The Chesapeake Bay could get helped by a new antipollution expert: farmed oysters. For decades, the Chesapeake has been plagued by excess (nutrients), such as nitrogen, from agricultural and municipal runoff. The nutrients feed algal blooms, which suck up the oxygen in the water. And those oxygen-poor waters no longer support the Bay’s rich biodiversity.
The Chesapeake used to be home to wild oysters, but 99 percent of them are gone. The tasty bivalves are known for (removing) excess phytoplankton from water and sequestering nutrients in their shells and flesh. So scientists from Virginia Commonwealth University measured the nutrient-chomping potential of the Eastern oyster Crassostrea virginica.

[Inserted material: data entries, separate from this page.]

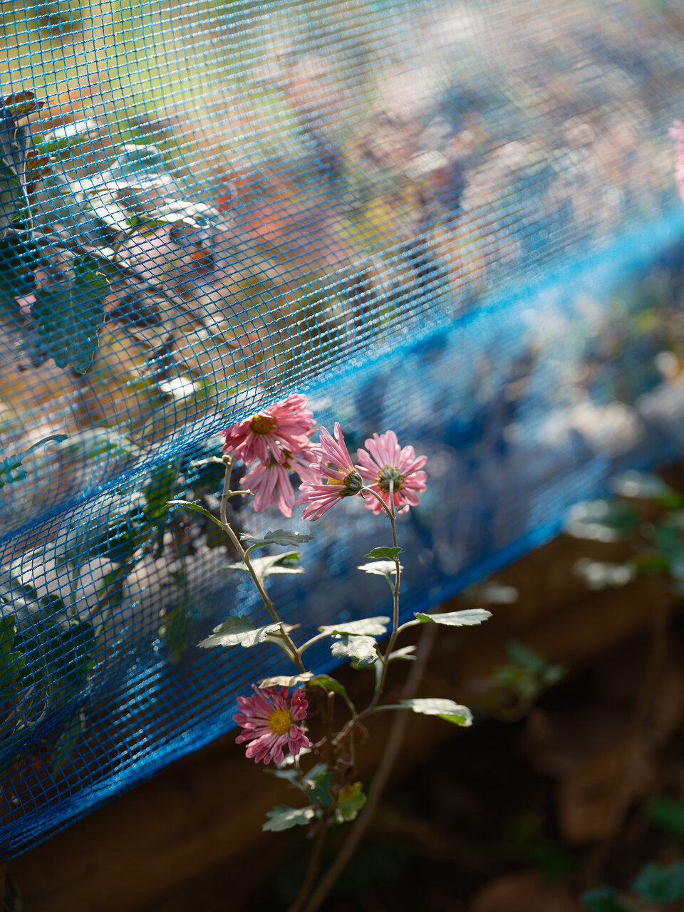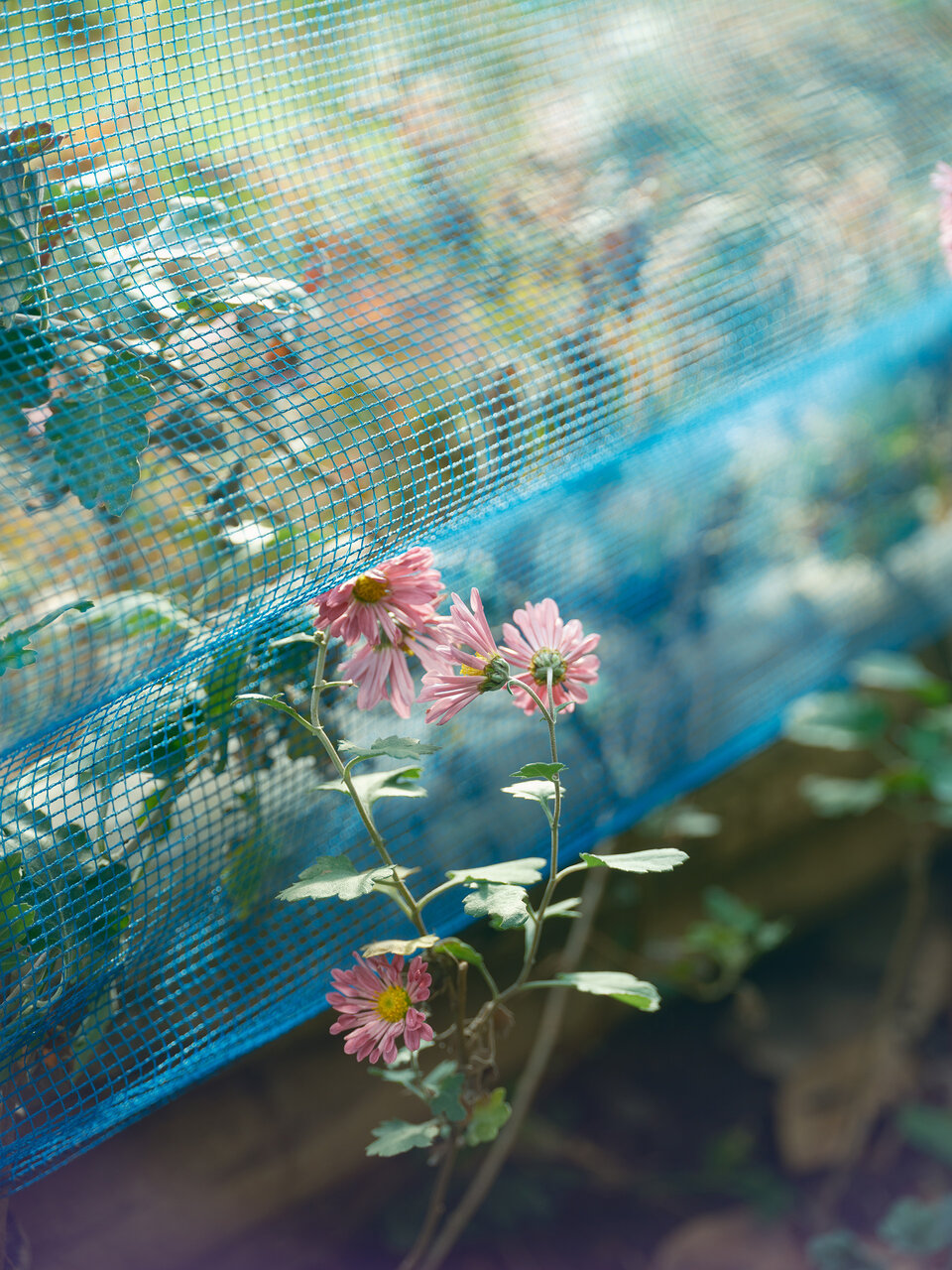 歩いているときに見つけた道端の花。小さな花びらがたくさんついた花とネットの青色との相性に惹かれて撮影しました。彩度が低めのパステルチックな印象を目指し露出はやや上げ気味で、角度を調整してうっすらとピンク色のゴーストを出しています。花のピンクとゴーストがマッチして可愛い印象になりました。写真全体が柔らかく、緑も馴染み、ノスタルトーン・グリーンは花との相性がいいレンズフィルターだと感じました。
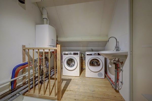 De achterzolder is een fijne, open ruimte met extra opbergruimte onder de schuine kanten. Dankzij het dakraam geniet je hier van voldoende daglicht en ventilatie. Ideaal als extra slaapkamer, hobbykamer of een comfortabele werkplek.
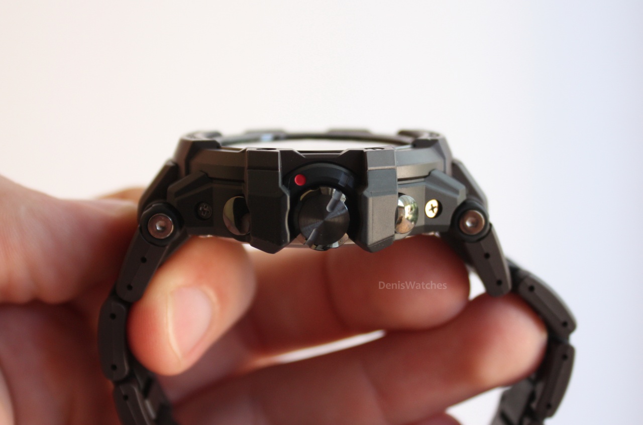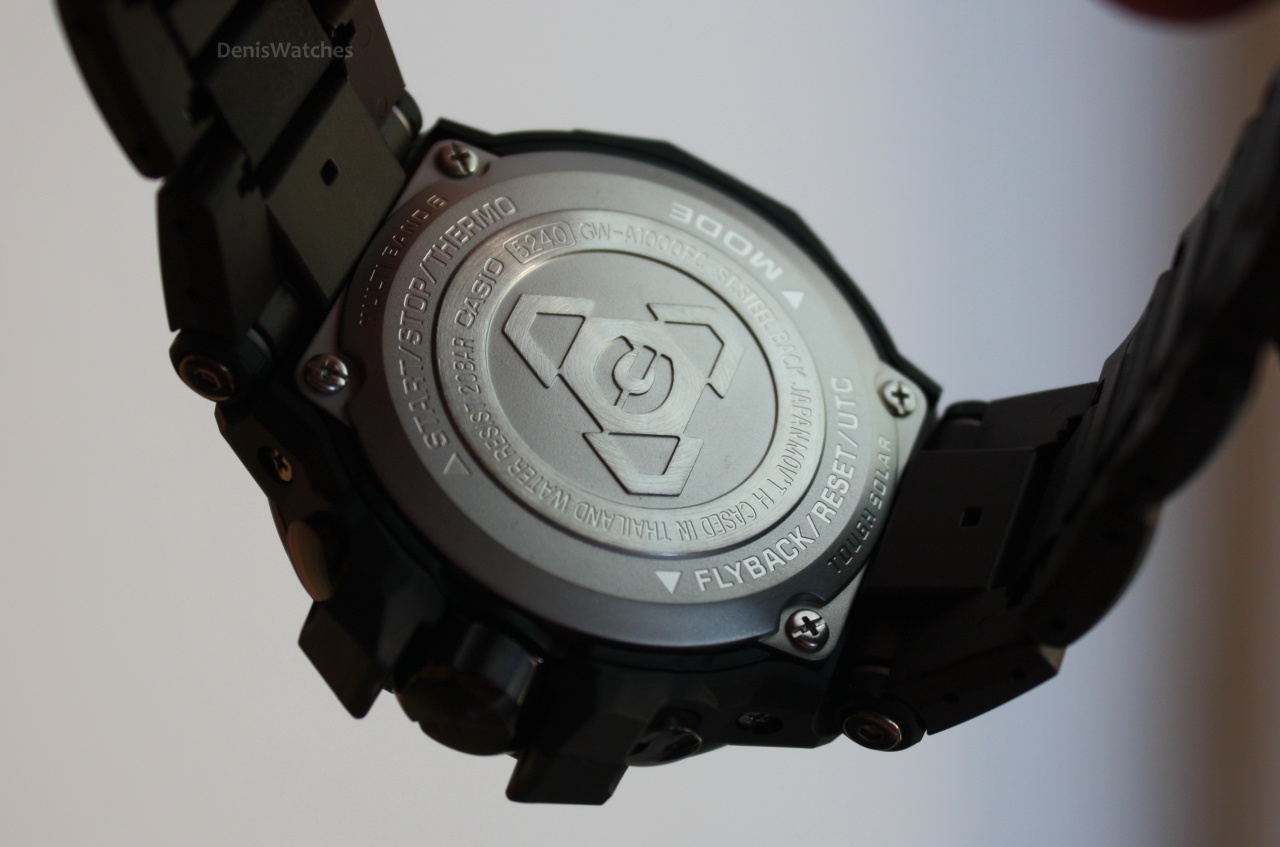 G-Shock Gravity Defier. Питание от солнечной энергии, индикатор низкого заряда батареи. Необритовое светонакопительное покрытие обеспечивает длительное послесвечение в темноте даже после кратковременного нахождения на свету. Ударопрочная конструкция защищает механизм от ударов и вибрации. Тройная защита от воздействия гравитационной, центробежной и вибрационной сил. Функция автоматического сохранения энергии. Время работы аккумулятора без подзарядки - 6 месяцев, при включенной функции сохранения энергии - 29 месяцев. Коррекция текущего времени радиосигналом на территории почти всей Европы, США, Японии и Китая. Встроенный датчик температуры от -10° до +60°С с точностью 0,1°C. Секундомер с точностью показаний 1/20с и временем измерения 2ч. Таймер обратного отсчета от 1мин до 1ч. Мировое время. Звуковой сигнал - в установленное время издается тональный сигнал. Электронная заводная головка с защитой.
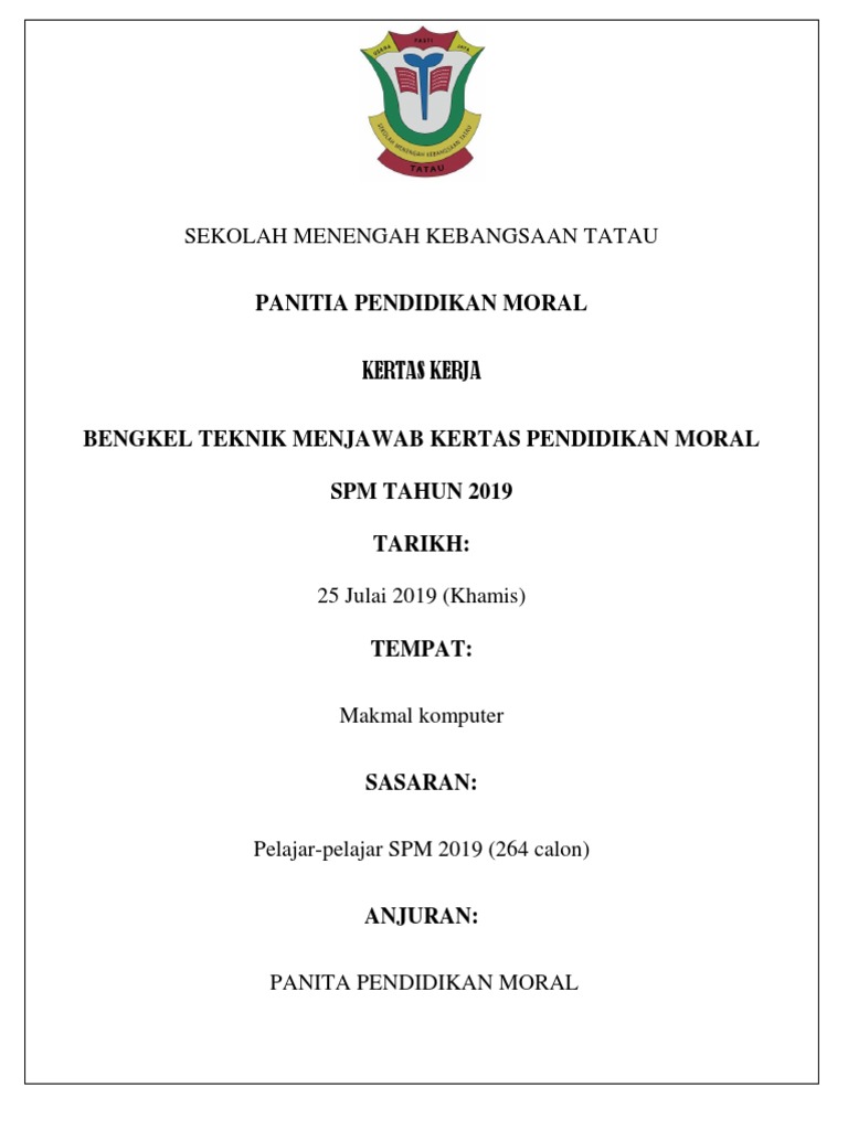 Kertas Kerja Bengkel Moral Spm 2019 Docx
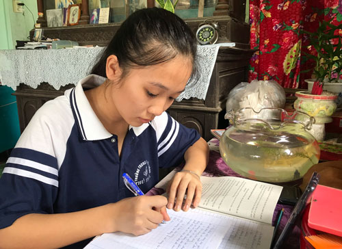 Mai Thi tâm sự: “Mỗi khi học, em đăng ký gói cước Internet theo ngày. Tất cả dung lượng có được, em dùng để phục vụ học và không lãng phí cho các hoạt động giải trí. Tuy nhiên, đôi lúc mạng yếu, hết dung lượng, việc học của em cũng bị ảnh hưởng. Những lúc như vậy, em thường hỏi lại bài thầy cô, bạn bè những phần chưa rõ; đồng thời, tự nghiên cứu, học thêm từ sách giáo khoa, tài liệu thầy cô gửi. Mặc dù gặp vài khó khăn trong quá trình học trực tuyến nhưng em vẫn có thể vượt qua được. Việc học trực tuyến cũng là giải pháp hiệu quả nhằm bảo đảm an toàn cho em và các bạn thời điểm này”.
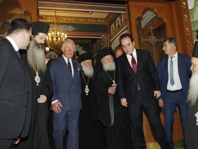 Υπό αυστηρά μέτρα προστασίας πραγματοποιήθηκε η ημίωρη συνάντηση του πρίγκιπα της Ουαλίας Καρόλου με τον Αρχιεπίσκοπο Αθηνών και πάσης Ελλάδος Ιερώνυμο στην Αρχιεπισκοπή Αθηνών.
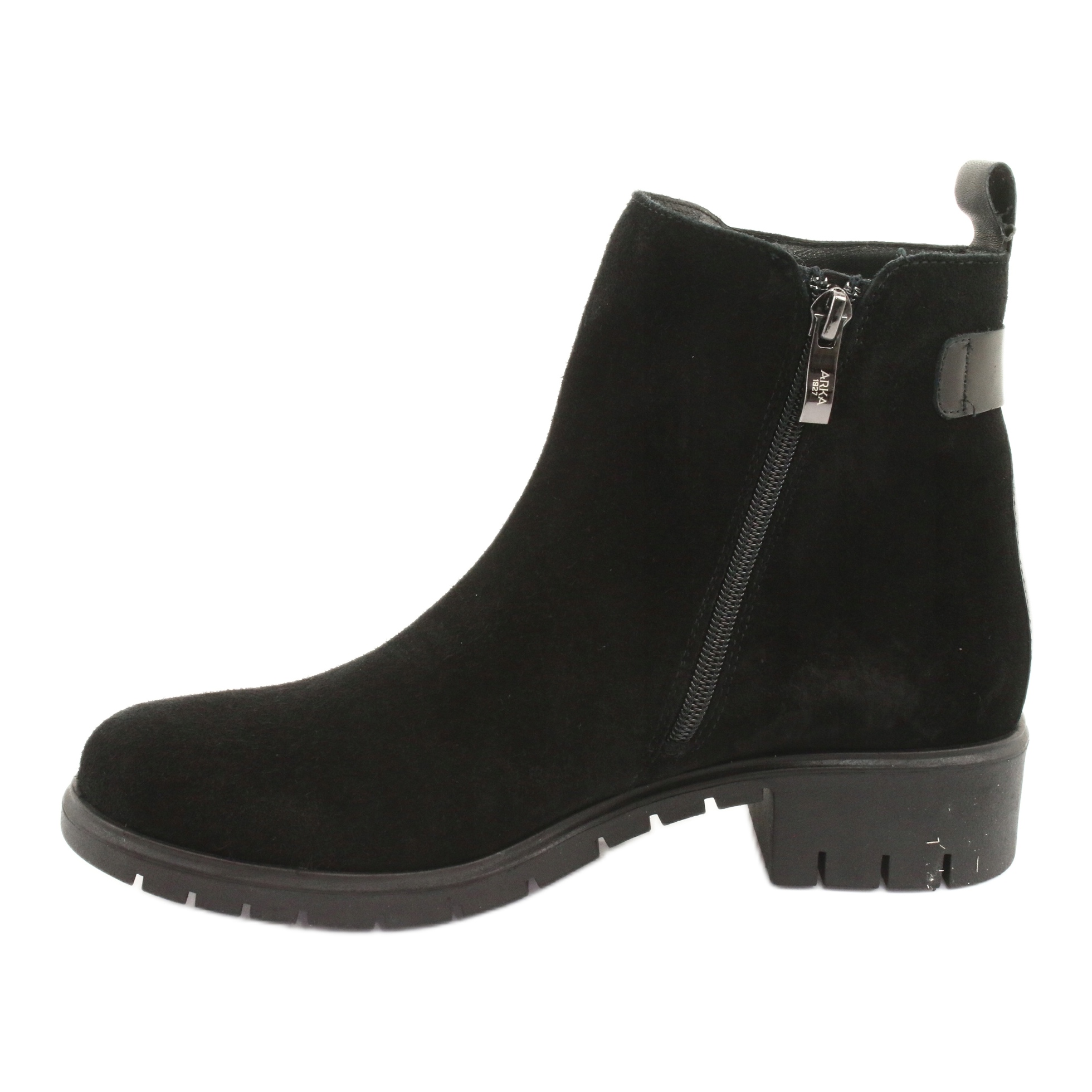 Cizme Ark 7202 elegante și practice realizate în întregime din piele naturală din piele de căprioară. Izolați cu încălțăminte, perfecte pentru zile mai răcoroase - oferă căldură, confort și aspect elegant. Un nas clasic, rotunjit și un bloc stabil cu un bloc înalt de 4 cm garantează confortul de a purta toată ziua. Fixerul cu fermoar face mai ușor de pus, iar culorile negre universale se îmbină bine cu multe stilizări.

They tested dried tissue and shells from oysters in two aqua-culture sites. Turns out that if a farmed oyster grows to 76 millimeters, it’s a pretty effective water (filter). Eight large-scale oyster farms could clean a ton of nitrogen from the Chesapeake. The study was published in the Journal of Environmental Quality. [Colleen Higgins, Kurt Stephenson and Bonnie Brown, "Nutrient Bioassimilation Capacity of Aquacultured Oysters: Quantification of an Ecosystem Service"]
Such farming won’t make the bay pristine again, but the researchers say the oysters are effective at (cleaning) the area where they’re grown. And so for a biologically better Chesapeake, pass the hot sauce.